Plunge in black-youth crime threatens politics of scapegoating

Plunge in black-youth crime threatens politics of scapegoating

December 07, 2012

FBI and California statistics showing a huge drop in violence and crime by young people of all races—particularly African Americans—to record low levels threatens the simplistic, often crazed gun-violence debate.

The desperate need of interest groups for ever-rising epidemics of youthful gun violence was epitomized yet again by sports pundit Bob Costas’s irresponsible commentaries (borrowed secondhand from pundit Jason Whitlock with no evident fact-checking by either) berating “gun culture”-afflicted urban “teenage boys armed to the hilt” and “impulsive… young men” for “more and more” shootings.

After all these years, don’t gun-control advocates (of which I’m one) get it? Costas, Whitlock, and others who make false, alarmist comments like these hamper rather than advance reasoned gun policy. Costas’s mythical image of rising hordes of hair-trigger black teenagers packing heavy steel are exactly the image tens of millions of gun-owing Americans think of when they’re out restocking their gun racks and ammo dumps. Check the equally brainless counter-rage by right-wing knee-jerkers like Fox News’ Mike Huckabee.

Under Oklahoma’s new open-carry law, stores and agencies now post signs on their doors stating whether guns are allowed inside.

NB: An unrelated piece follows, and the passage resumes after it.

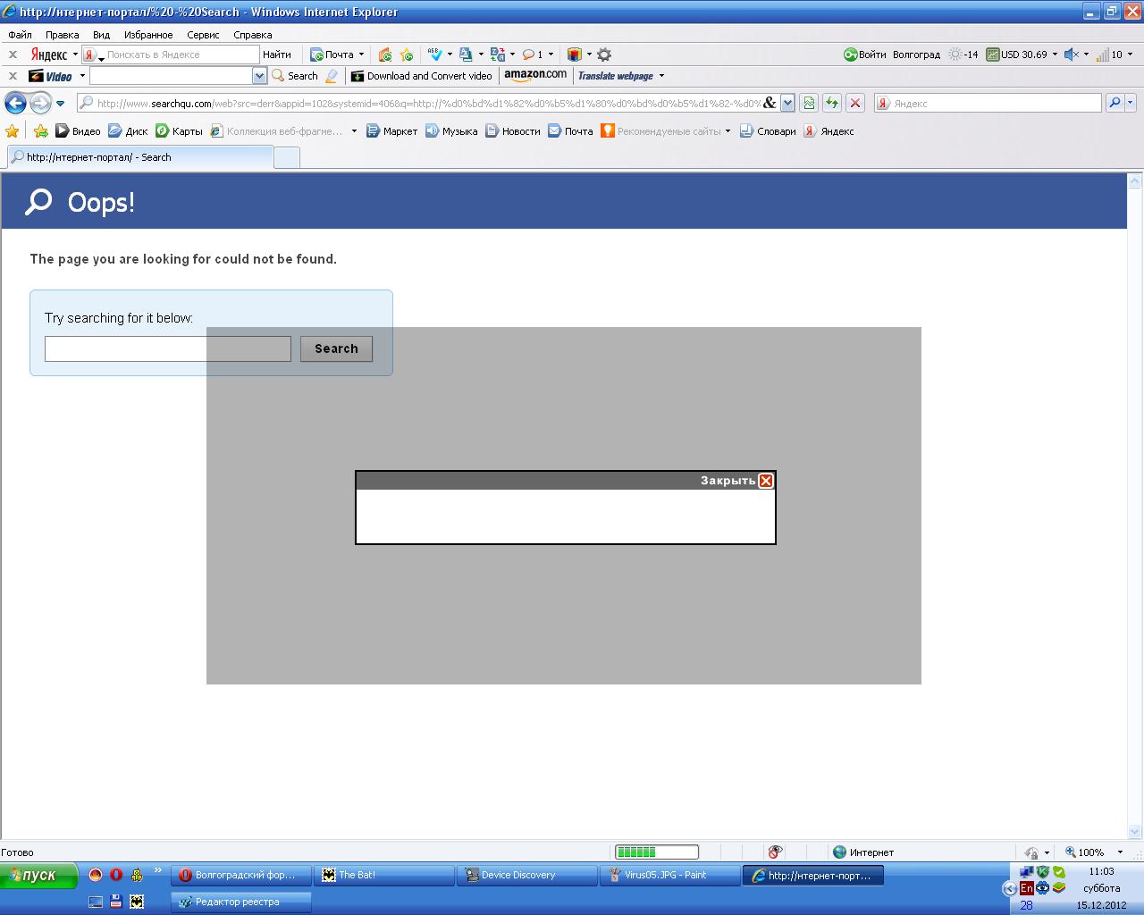 Странная беда пришла ко мне... Самое интересное Касперский его не видит. Вирус или что то непонятное отображается на обоих компах одинаково. Так мало того и в браузере планшета он так же показывает себя. Причем в любом браузере. В Internet Explorer (я им не пользуюсь) я обнаружил вот такую хрень при открытии страницы (на скрине) При нажатии закрыть этот баннер, открывается ссылка на разные сайты. Картинки баннеров у меня я так понял блокирует касперский. Но что за напасть напала на все компы и планшет??? Вот даже сейчас пишу этот пост, и висит одновременно этот баннер И прилагаю скрины к этой напасти.
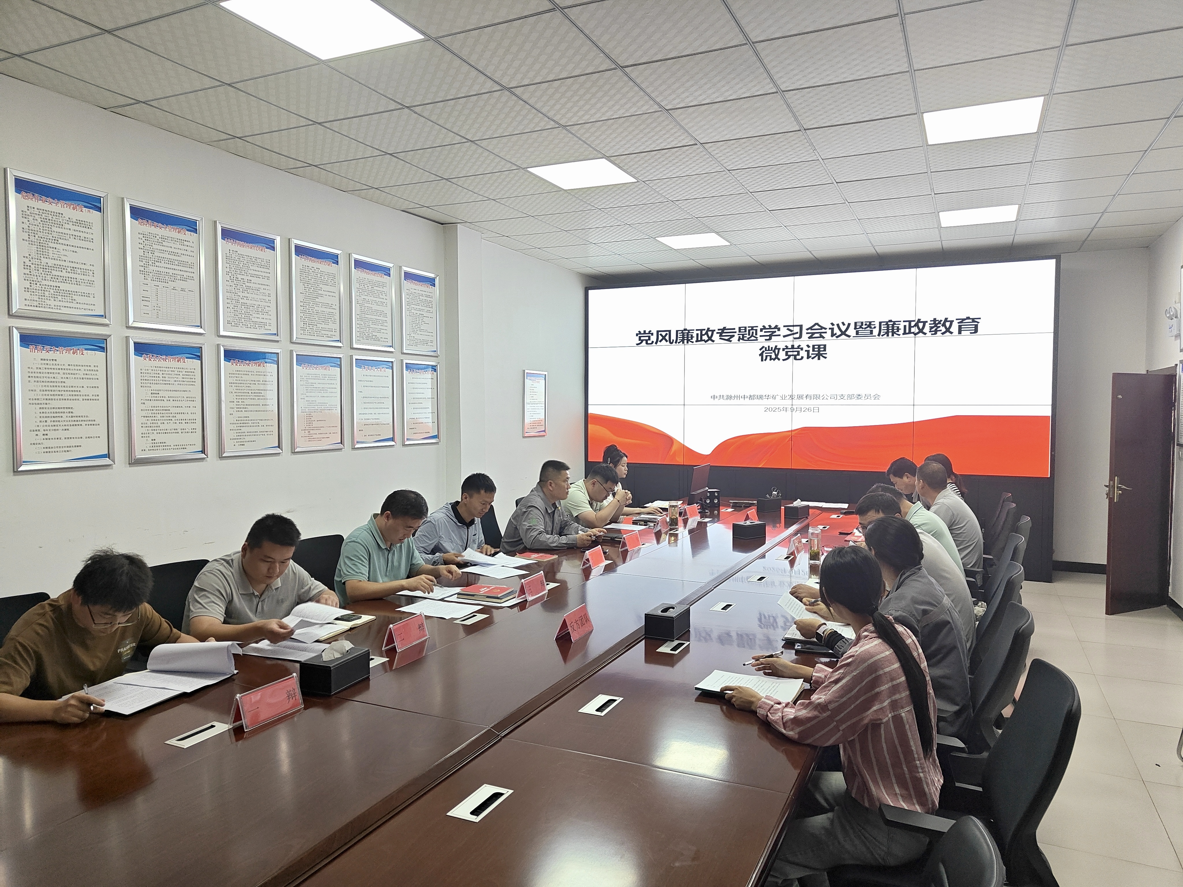 為持續(xù)深化黨風(fēng)廉政建設(shè),深入貫徹中央八項(xiàng)規(guī)定精神,在國(guó)慶、中秋雙節(jié)來(lái)臨之際,中都瑞華礦業(yè)黨支部于2025年9月26日組織召開黨風(fēng)廉政專題學(xué)習(xí)會(huì)議,并以“辯以明紀(jì),篤行致遠(yuǎn)”為主題開展廉政教育微黨課。

That’s right, the entire state is now an 1880s Dodge City Saloon. Why? So the righteous can stand their ground against made-up fears of “more and more” lethal violence emanating from dark young gangstas and Sharia-lawmen.

As usual in the United States, all sides ignore the facts vital to addressing gun violence while bellowing terrifying myths than reinforce the very emotional responses that make the problem worse. It’s no secret who this furor is about. Sure, gun-control advocates still reference the Columbine school massacre by two suburban white boys—the one that happened 13 years, scores of mass carnages, and thousands of individual shootings ago. It only shows how desperate its invokers are to avoid the elephant in the room.

The ugly truth is that all sides need rampant, rising, news-blared gundowns, along with robberies, rapes, and beatings, perpetrated by youngsters, preferably of color, to make their separate cases for either tough gun controls or for more guns.

Unfortunately for the stereotypers, just 39 black youth were arrested in California last year for homicide, down from a record 211 in 1990 and the lowest number since the first year statewide statistics were compiled (129 in 1975). Among young black women, supposedly the epicenter of a “new generation of violent girls,” zero were arrested for murder in 2011.

Violent crimes of all types fell by a record 19% among California’s black male youth and by 25% among young black females in 2011, reaching nadirs never before recorded in nearly four decades of statewide crime statistics.

Among black youth nationally from 2010 to 2011, murders dropped 35%, violent crime fell 22%, and all offenses dropped by 23%–all record declines. Rates of black-youth crime now stand at the lowest levels since the FBI first reported crime numbers by race in 1964. Like their white counterparts, more violence of all kinds is now committed by African Americans in their 40s than by adolescents.

Half of all gun violence victims (as well as the huge majority of gun owners) are white men ages 35 and older, who are many hundreds of times more likely to die from aiming the gun at themselves—and secondarily from being shot by an aging white peer—than being 187’d by young thugs.

But you can’t have a foaming war over gun-violence/control by incorporating such rhetoric-numbing realities. Americans interests need crazy untruths and demographic scapegoats. Then, we wonder why our social problems, amid improvements here and deteriorations there, remain so outsized compared to other Western nations’ that rely more on science.

President Barack Obama’s exploitation of gun violence sets a particularly dismal example. In 2007, he accused “an entire generation of young men in our society” (who his speech made clear were African Americans) of perpetrating “an epidemic of violence that’s sickening the soul of this nation” that must be stopped by “collective anger” and “collective action.” An “entire generation”? To accuse ALL modern, young male African Americans (who in fact have murder rates today less than half those of Obama’s 1970s cohort) of being killers is an extremist position promoting the fear and bigotry Obama elsewhere claims to deplore.

Instead of walking his comments back, Obama as president continued blaming “children” and “young people” for gun violence, led by “children killing children.” In fact, the FBI finds that youth under age 18 account for just 4% of the country’s murders, and 5 out of 6 murdered children are killed by adults, not other children. Obama’s inflamed rhetoric is the kind that invites prejudice of the same kind harbored by violent vigilantes whose idea of “collective action” stemming from “collective anger” is to gun down unarmed black teenagers to protect neighborhoods from the young black men who President Obama himself has branded an “entire generation” of murderers.

Gun control advocates should not be touting Obama, Costas, and those who indulge ugly stereotypes as allies, but persuading them to turn down the heat. The large, ongoing drops in violence by young black men could be a start—if all sides weren’t so threatened by them.